What you need to do
Below, find the line containing "5가지 색상 재고 있음, 일본"; from there to the final line, print every line exactly and skip the pictures.

Source material
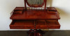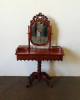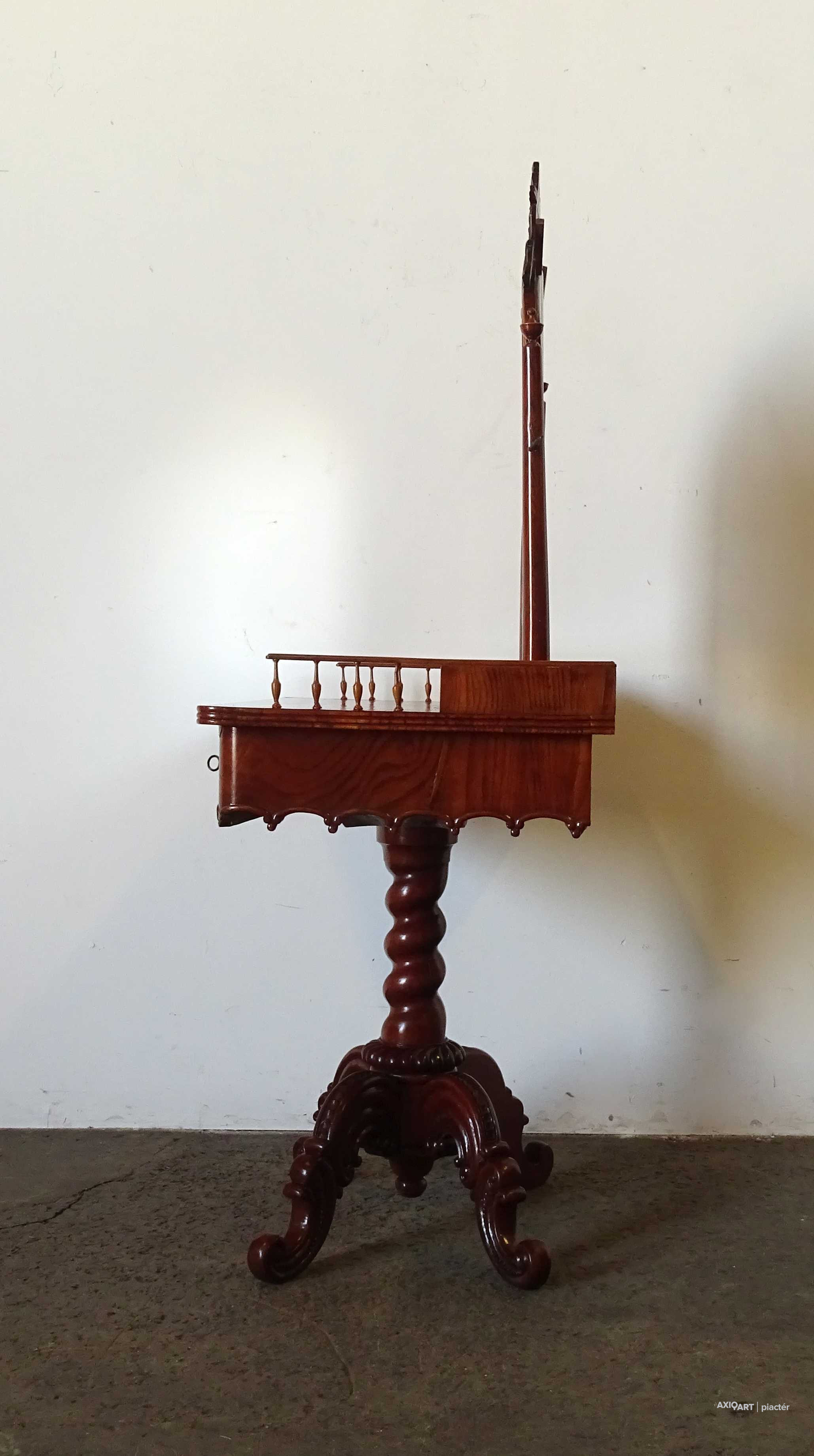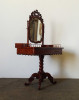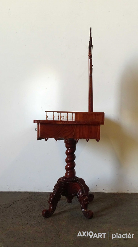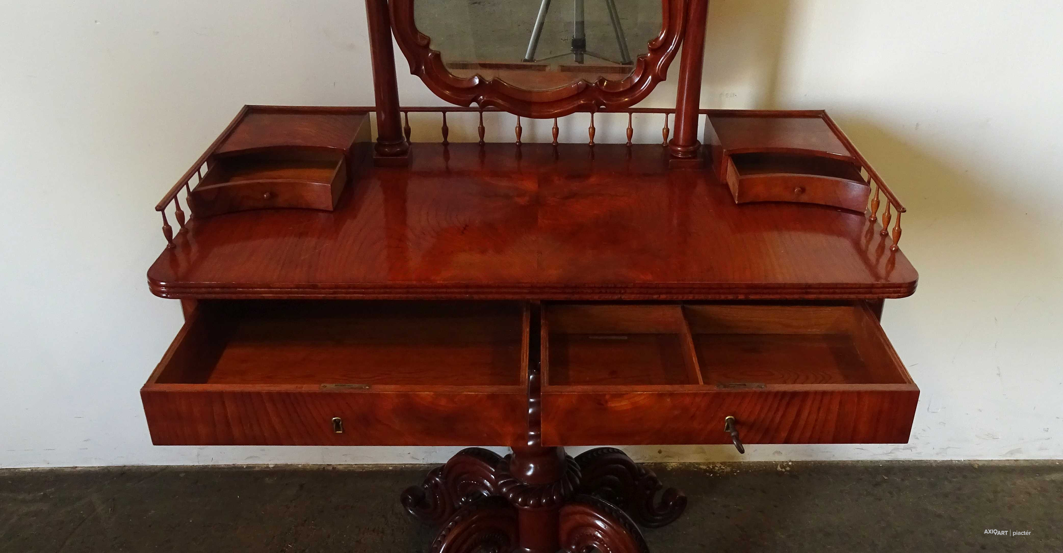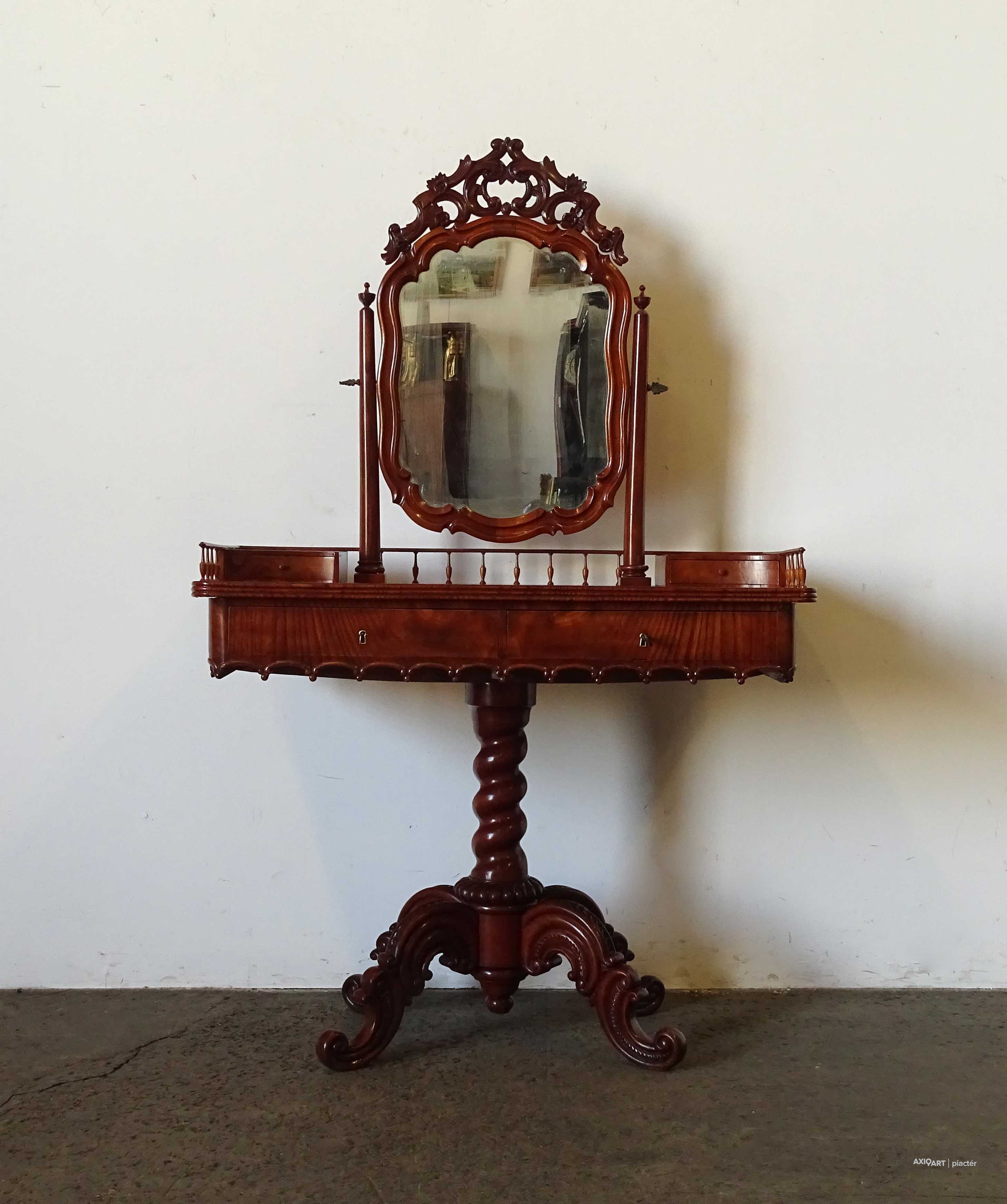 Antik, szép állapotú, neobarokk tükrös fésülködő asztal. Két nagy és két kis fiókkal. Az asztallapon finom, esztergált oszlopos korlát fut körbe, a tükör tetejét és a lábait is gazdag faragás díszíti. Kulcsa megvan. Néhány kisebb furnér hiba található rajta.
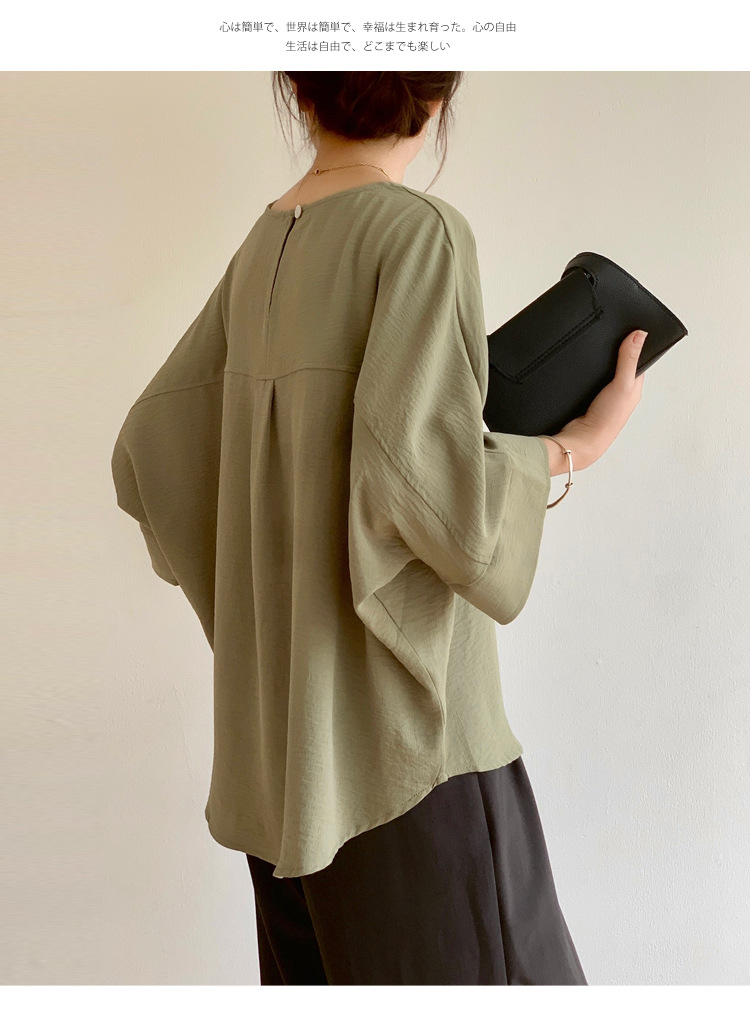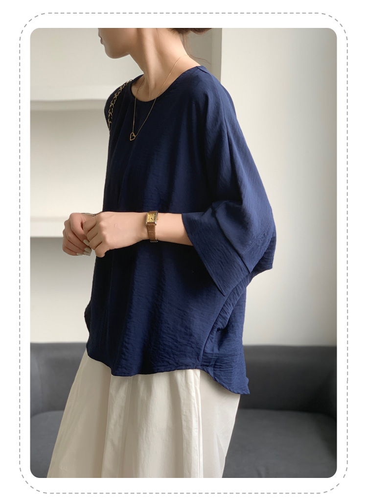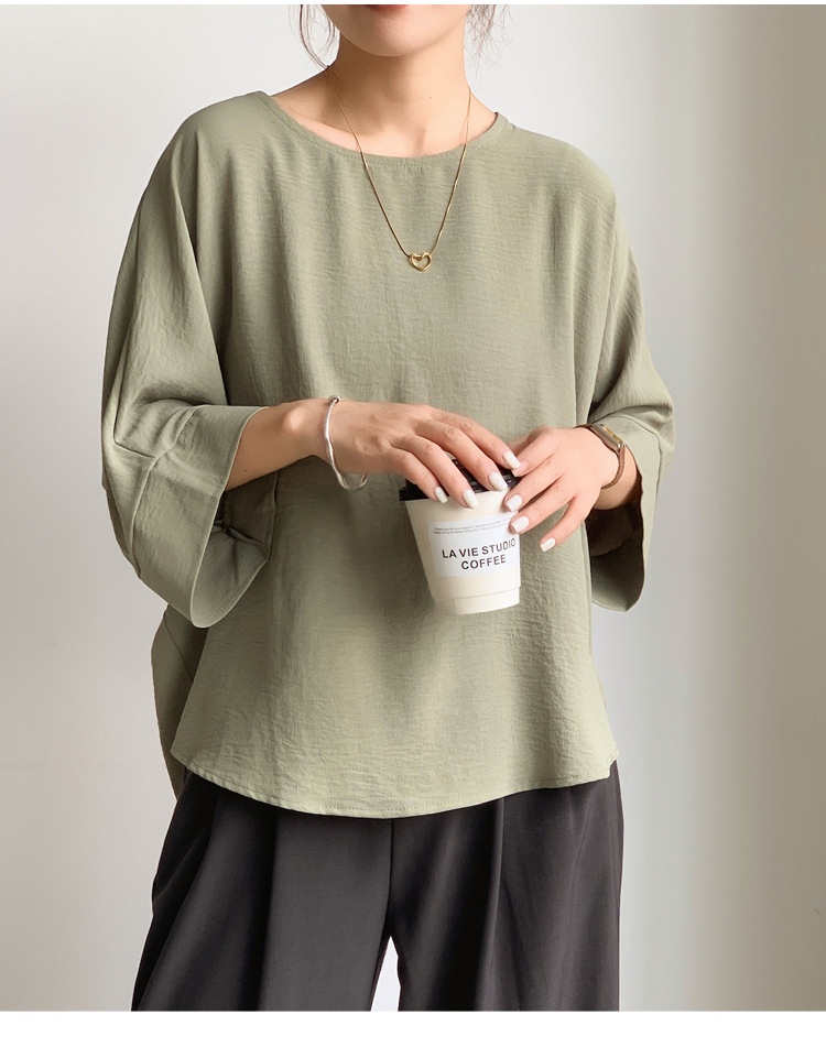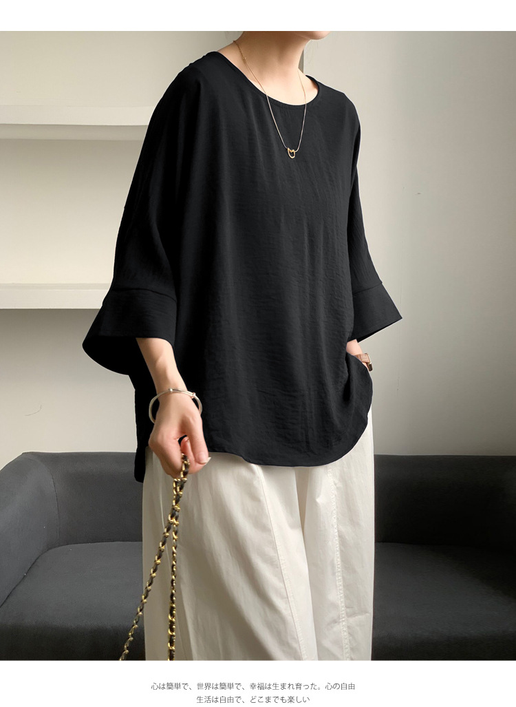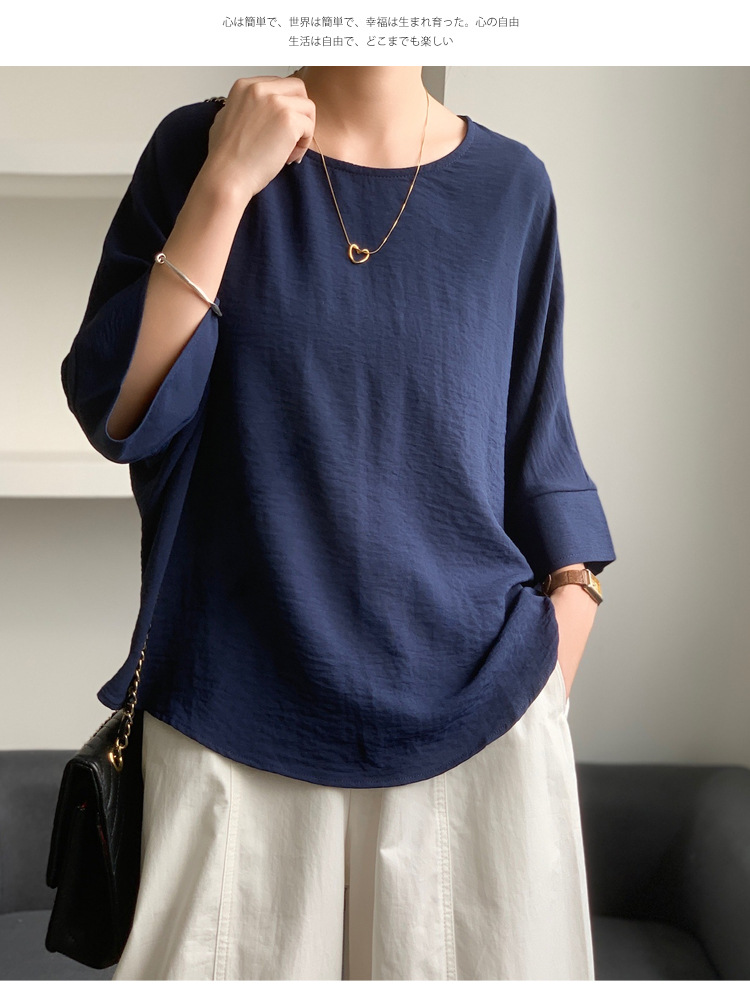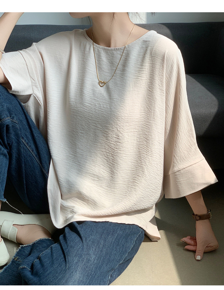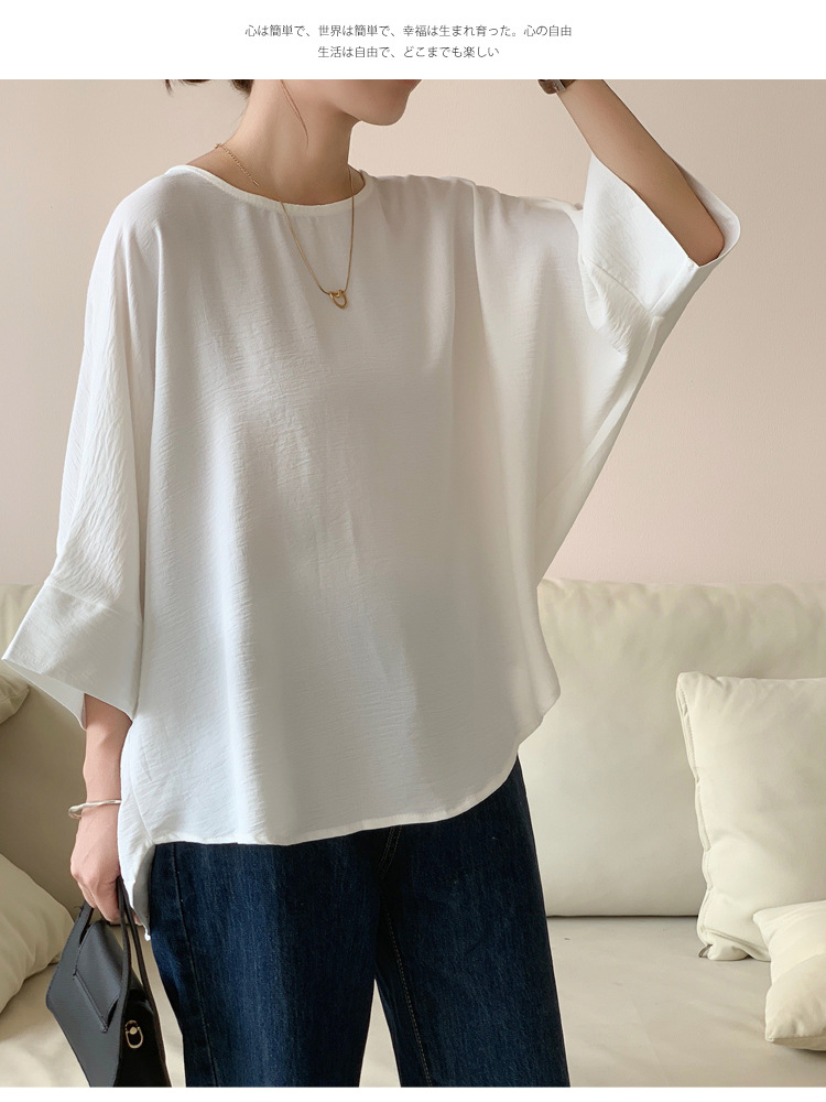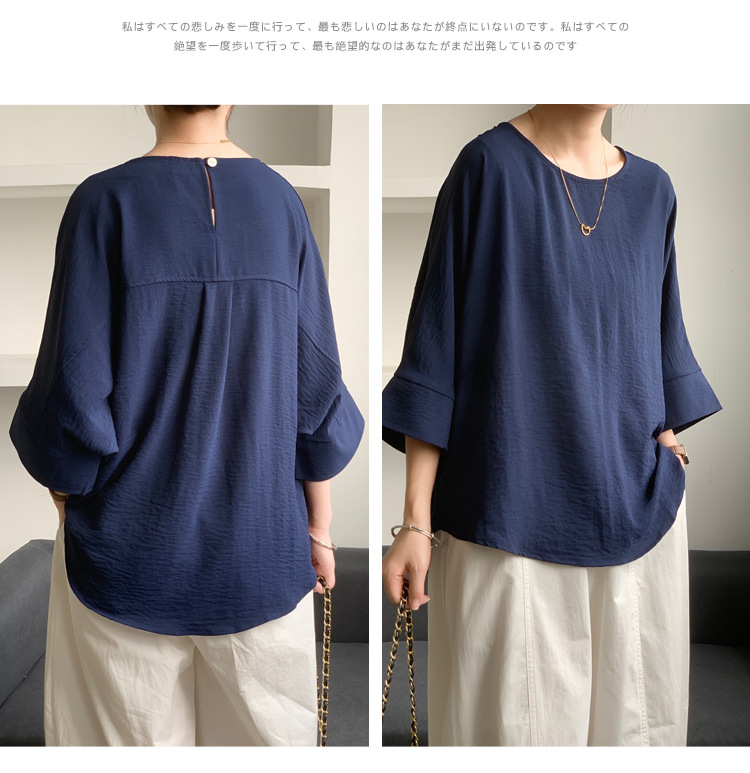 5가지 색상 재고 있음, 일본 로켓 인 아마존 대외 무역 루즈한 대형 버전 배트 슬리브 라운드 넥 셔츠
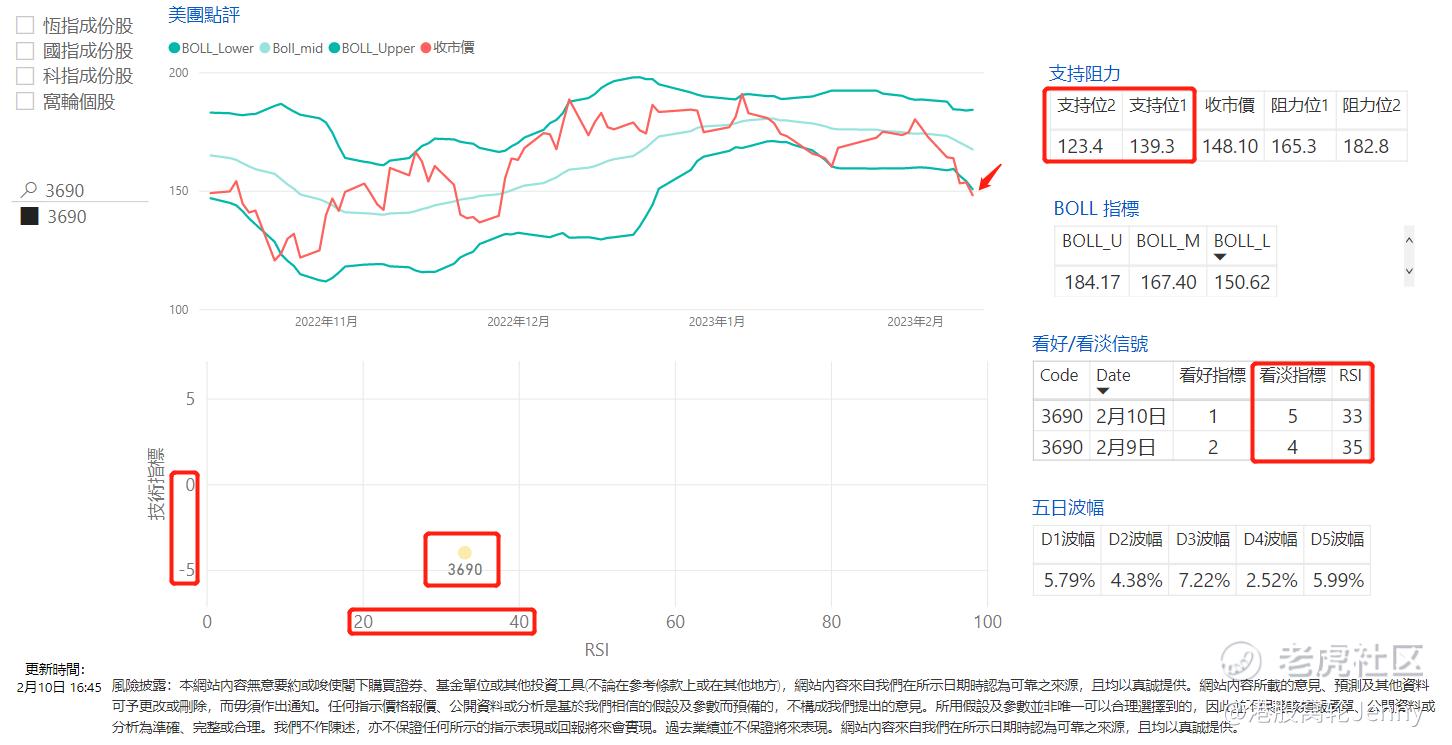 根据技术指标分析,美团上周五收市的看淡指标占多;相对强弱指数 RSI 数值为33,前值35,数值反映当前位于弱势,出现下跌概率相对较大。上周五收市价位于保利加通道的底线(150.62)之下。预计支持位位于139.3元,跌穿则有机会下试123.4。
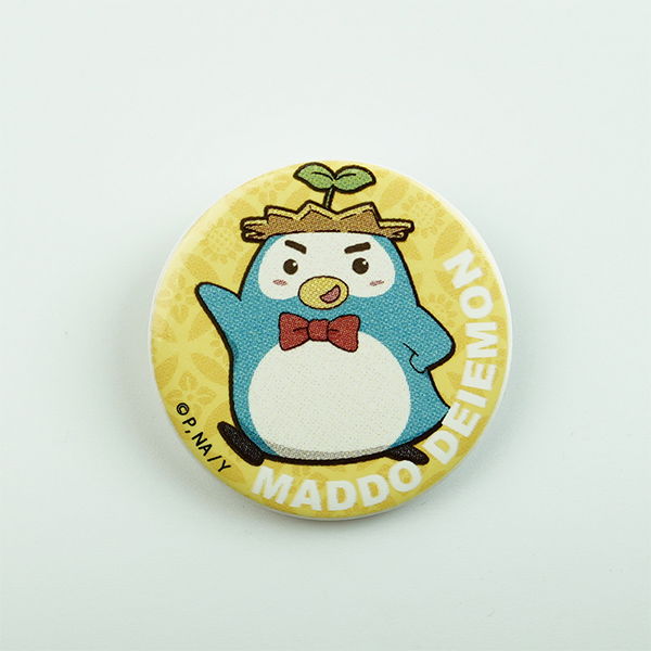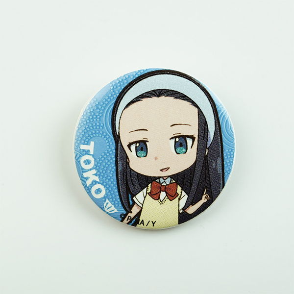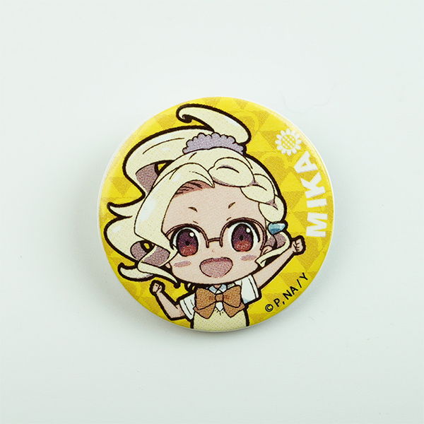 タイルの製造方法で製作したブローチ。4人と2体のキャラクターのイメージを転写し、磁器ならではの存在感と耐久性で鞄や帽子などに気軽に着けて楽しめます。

Answer to this exercise
 5가지 색상 재고 있음, 일본 로켓 인 아마존 대외 무역 루즈한 대형 버전 배트 슬리브 라운드 넥 셔츠
 根据技术指标分析,美团上周五收市的看淡指标占多;相对强弱指数 RSI 数值为33,前值35,数值反映当前位于弱势,出现下跌概率相对较大。上周五收市价位于保利加通道的底线(150.62)之下。预计支持位位于139.3元,跌穿则有机会下试123.4。
 タイルの製造方法で製作したブローチ。4人と2体のキャラクターのイメージを転写し、磁器ならではの存在感と耐久性で鞄や帽子などに気軽に着けて楽しめます。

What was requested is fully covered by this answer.